Federal Aviation Administration (FAA), Department of Transportation (DOT).

ACTION:

Notice of proposed rulemaking (NPRM).

SUMMARY:

The FAA proposes to adopt a new airworthiness directive (AD) for all Boeing Model 707 airplanes and Model 720 and 720B series airplanes. This proposed AD would require accomplishing an airplane survey to define the configuration of certain system installations, and repair of any discrepancy found. This proposed AD would also require modifying the fuel system by installing lightning protection for the fuel quantity indication system (FQIS), ground fault relays for the fuel boost pumps, and additional power relays for the center tank fuel pumps and uncommanded on-indication lights at the flight engineer's panel. This proposed AD results from fuel system reviews conducted by the manufacturer.

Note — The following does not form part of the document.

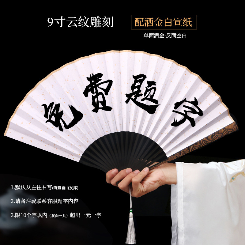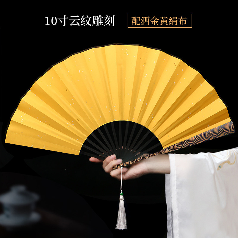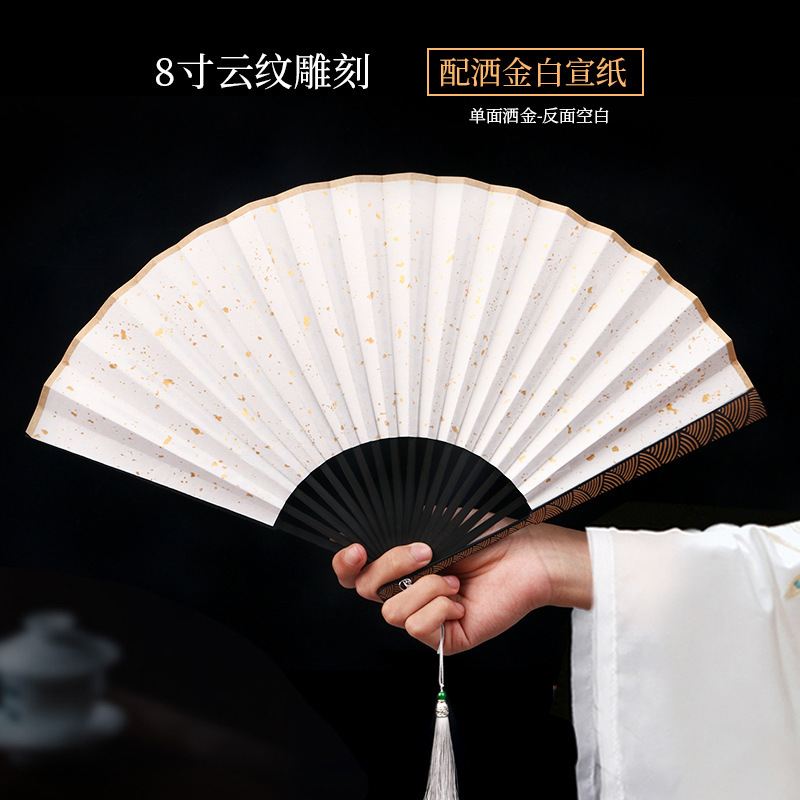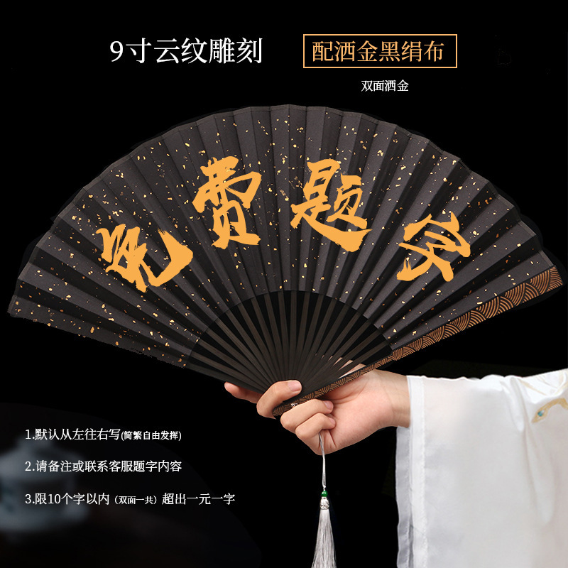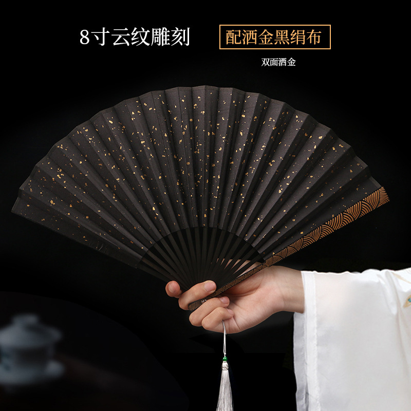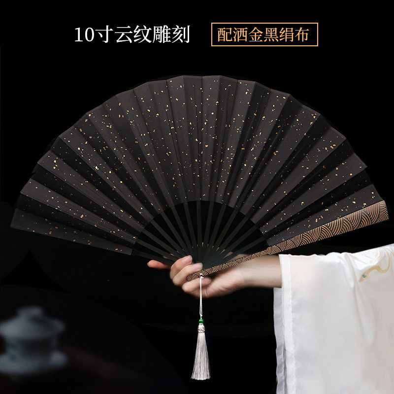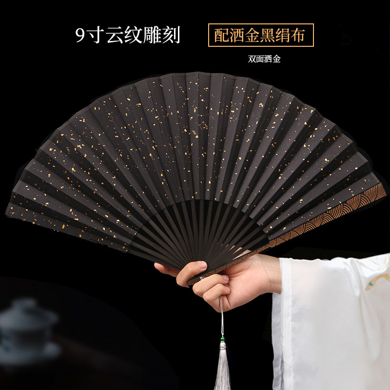 Moire 파인 새겨진 Xuan 종이 접는 팬 블랙 뿌리기 골드 실크 천 골동품 웨이브 패턴 전국 패션 팬 남성과 여성의 바람 Xichen스토어 가기

We are proposing this AD to prevent certain failures of the fuel pumps or FQIS, which could result in a potential ignition source inside the fuel tank, which, in combination with flammable fuel vapors, could result in a fuel tank explosion and consequent loss of the airplane.

DATES:

We must receive comments on this proposed AD by September 17, 2007.

ADDRESSES:

Use one of the following addresses to submit comments on this proposed AD.

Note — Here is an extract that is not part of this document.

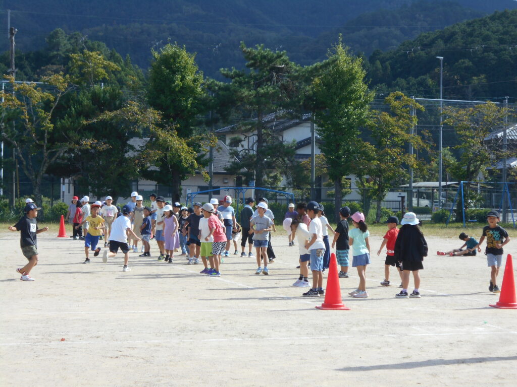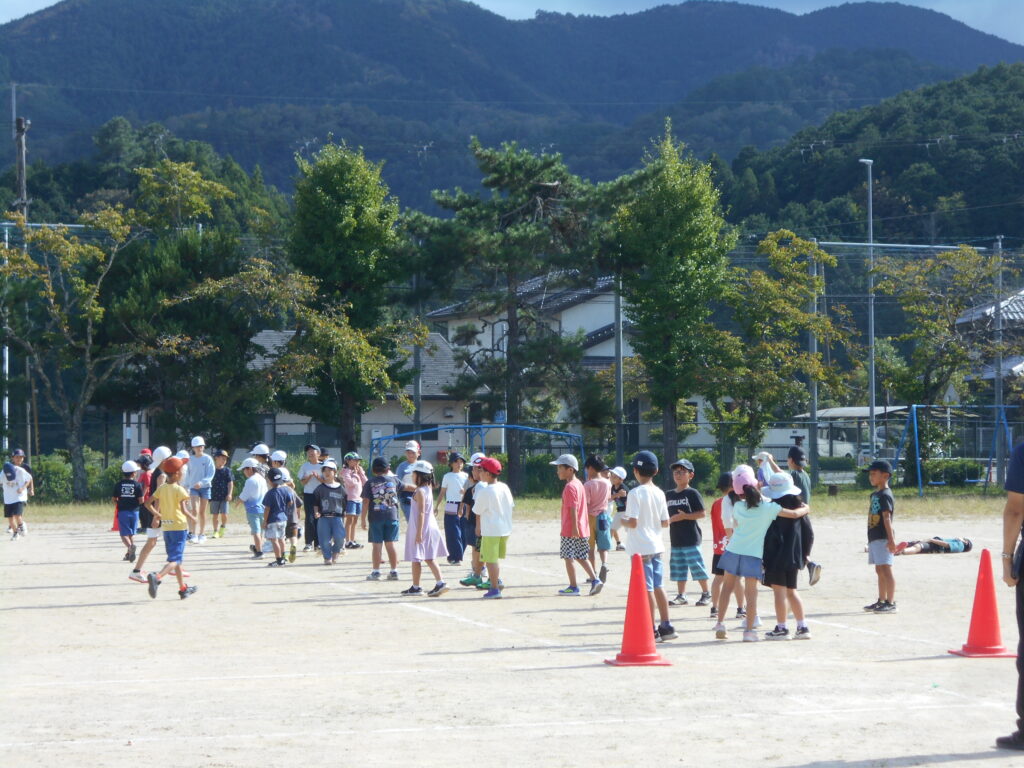 ランラビットランに似た鬼ごっこでした。でもつかまえるのが「サメ」の設定だったので4年生に捕まった1~3年生はとっても怖がっていました。

  • DOT Docket Web site: Go to http://dms.dot.gov and follow the instructions for sending your comments electronically.
  • Government-wide rulemaking Web site: Go to http://www.regulations.gov and follow the instructions for sending your comments electronically.
  • Mail: U.S. Department of Transportation, Docket Operations, M-30, West Building Ground Floor, Room W12-140, 1200 New Jersey Avenue, SE., Washington, DC 20590.
  • Fax: (202) 493-2251.
  • Hand Delivery: Room W12-140 on the ground floor of the West Building, 1200 New Jersey Avenue, SE., Washington, DC, between 9 a.m. and 5 p.m., Monday through Friday, except Federal holidays.

Contact Boeing Commercial Airplanes, P.O. Box 3707, Seattle, Washington 98124-2207, for the service information identified in this proposed AD.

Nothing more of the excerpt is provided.